Wednesday, August 8th
3:20-5:45 PM
SOFT-202-1: Improving Performance and Scalability for Advanced Systems (Software Track Track)
Co-Organizer: Matias Bjorling, Director Solid State System Software, Western Digital

Organizer + Chairperson: Renu Raman, VP Cloud Architecture and Engineering, SAP

Paper Title: Open Source Data Reduction for High Performance Flash Storage

Paper Abstract: The purpose of data reduction technologies is to drive down the effective cost of storage. The open source dm-vdo project (github.com/dm-vdo) is a good example of a technology explicitly designed to address the high performance flash storage environment. Its Linux kernel-level kvdo module is implemented from the ground up to provide inline, block-level deduplication and compression which the developers have optimized for storage environments with fast random access properties such as today’s NVMe-based devices. There are many challenges related to developing practical data reduction for high performance flash storage environments.
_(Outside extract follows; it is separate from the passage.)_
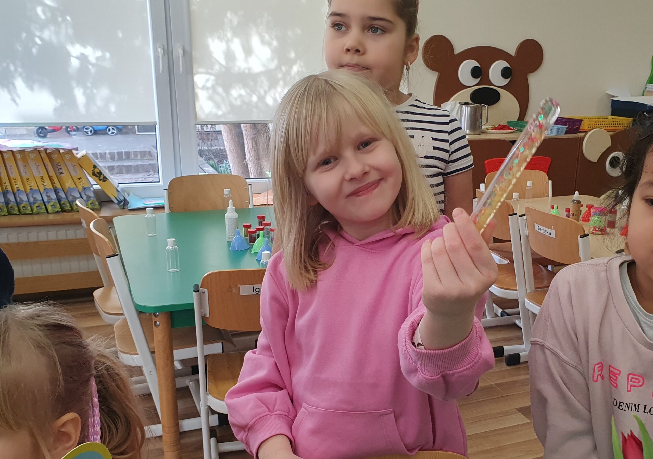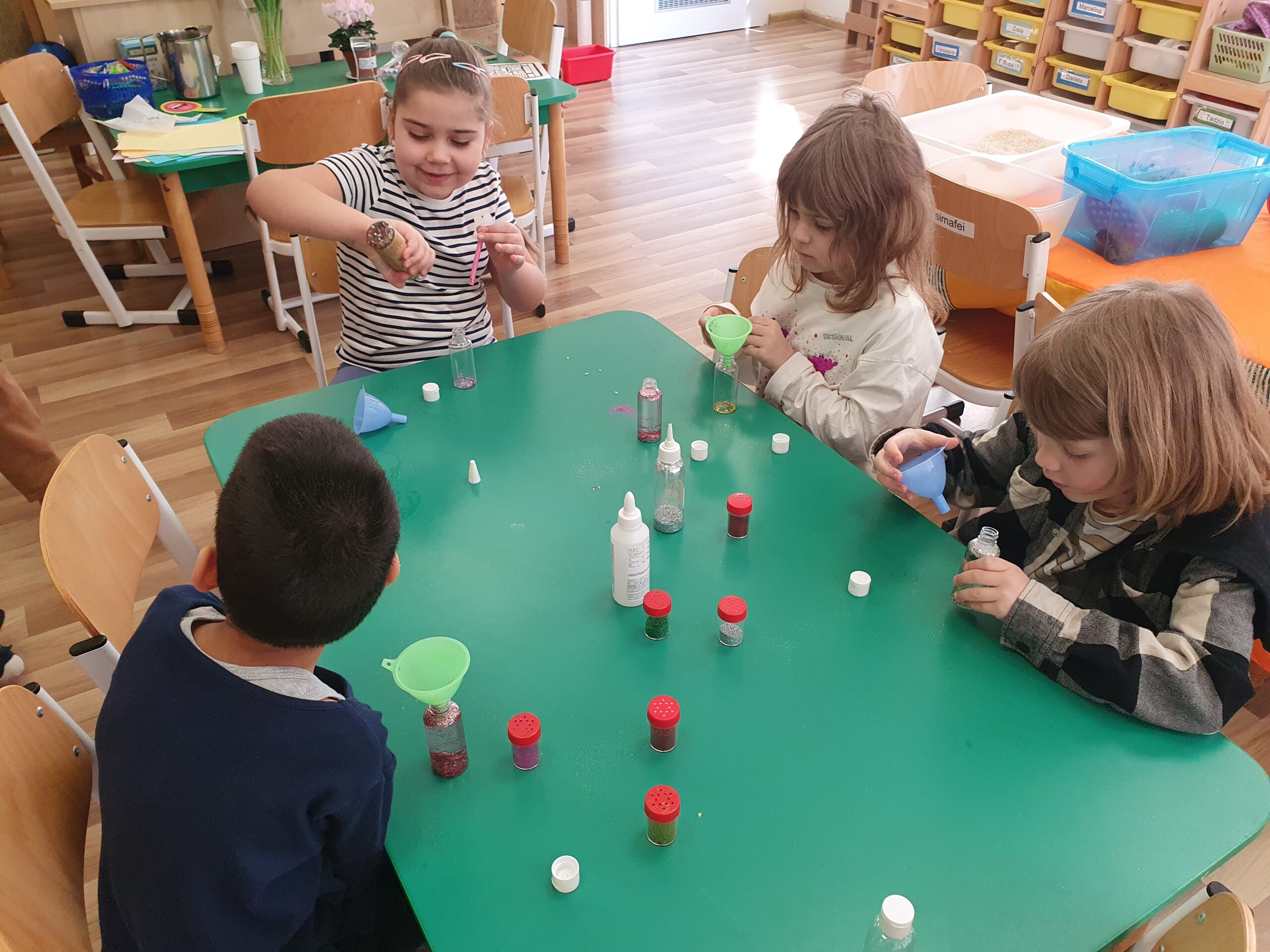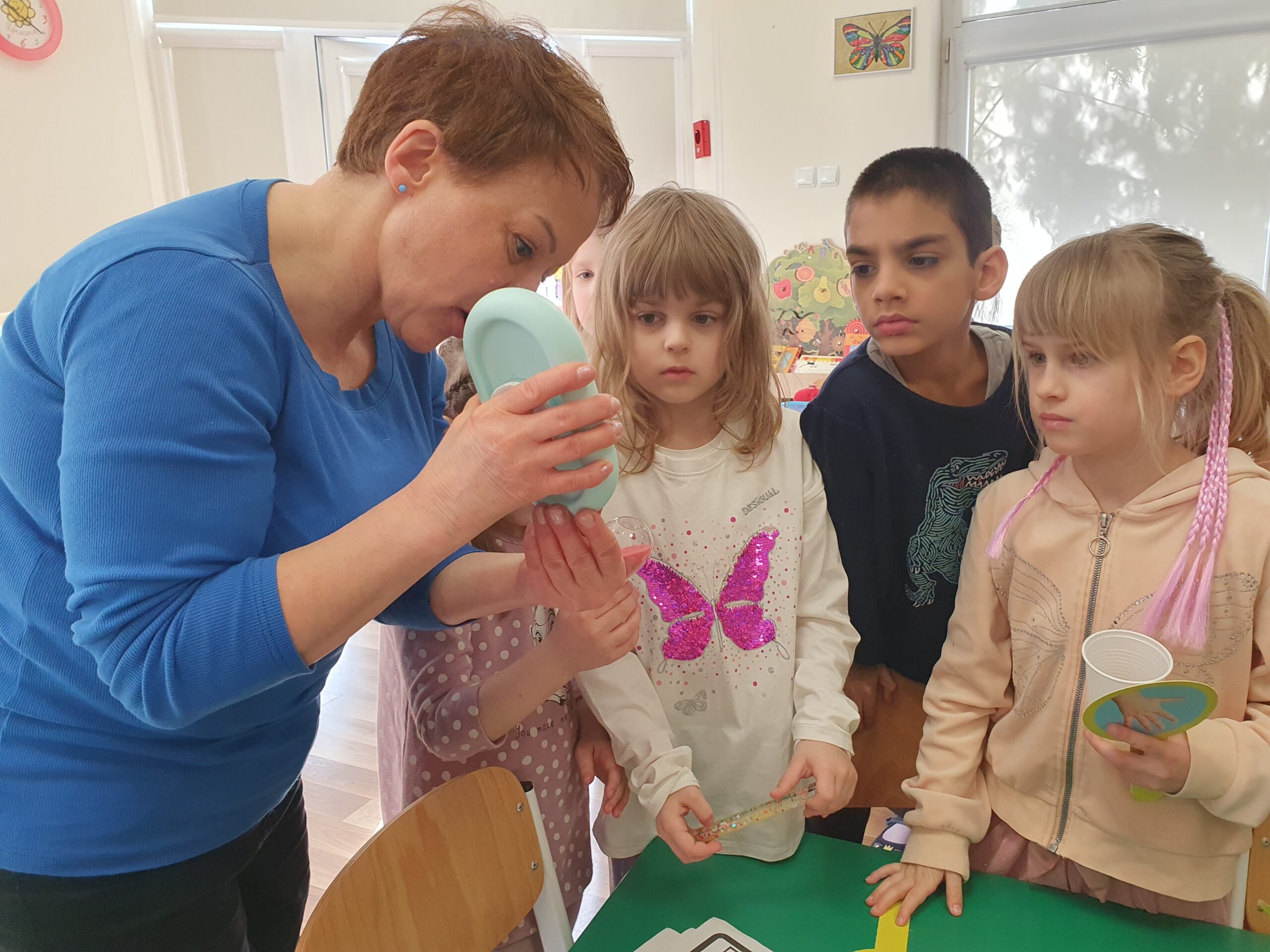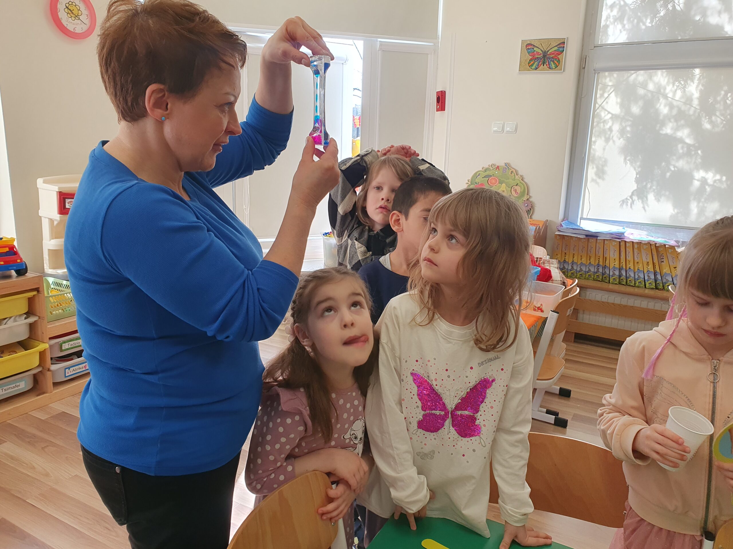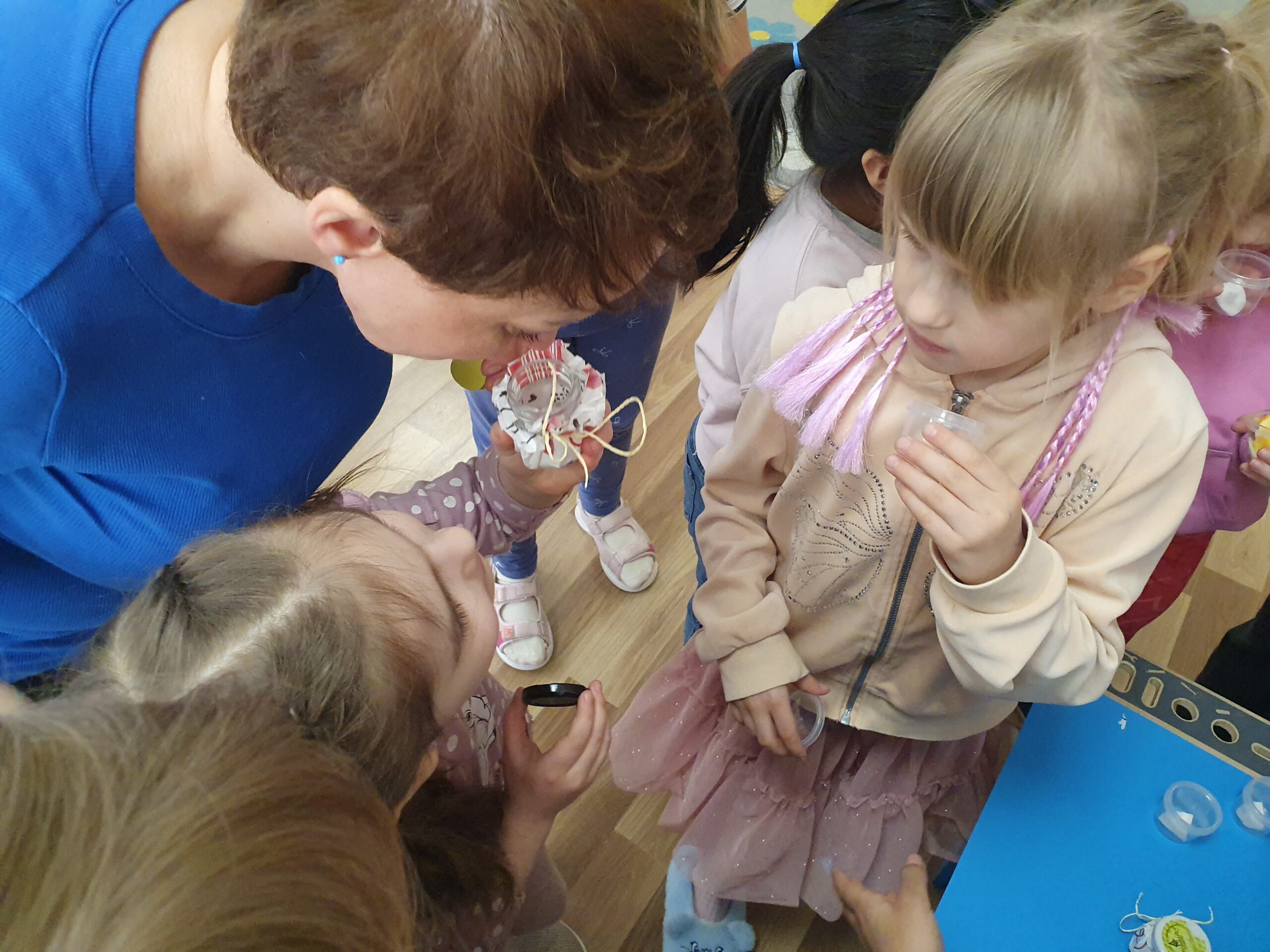 Dzisiaj Żółwiki miały bardzo ciekawe zajęcia o tym, jak znaleźć spokój przy wykorzystaniu własnych zmysłów. Poznawały sposoby na uspokojenie emocji za pomocą wielu ciekawych rekwizytów oraz z pomocą tego, co mamy zawsze przy sobie, czyli własnego oddechu. Było dużo dobrej zabawy, elementy relaksacji, a także okazja do własnoręcznego wykonania uspokajającej buteleczki, pozwalającej na wiele doznań wzrokowych, którą dzieci mogły zabrać do domu. Dziękujemy Pani Małgosi za bardzo ciekawe i przydatne zajęcia!

The dm-vdo implementation has addressed these requirements through parallelization, queuing, and caching strategies. Users must be able to deploy and tune dm-vdo components to take the best advantage of these strategies in high performance flash storage deployments.

Paper Author: Louis Imershein, Principal Product Manager, Red Hat

Author Bio: Louis Imershein is Principal Product Manager for data reduction technologies at Red Hat and a major contributor to the open source dm-vdo project. At Red Hat, he contributes key requirements and design guidelines that drive development of the Virtual Data Optimizer (VDO) component of Enterprise Linux. Louis has over 30 years of experience in operating system and storage software product management, design, and implementation. He has presented at many conferences around the world, including past Flash Memory Summits. Louis has a Bachelor’s Degree in Biological Science from the University of California, Santa Cruz and has earned certificates in software design, device driver development, system administration, and software testing.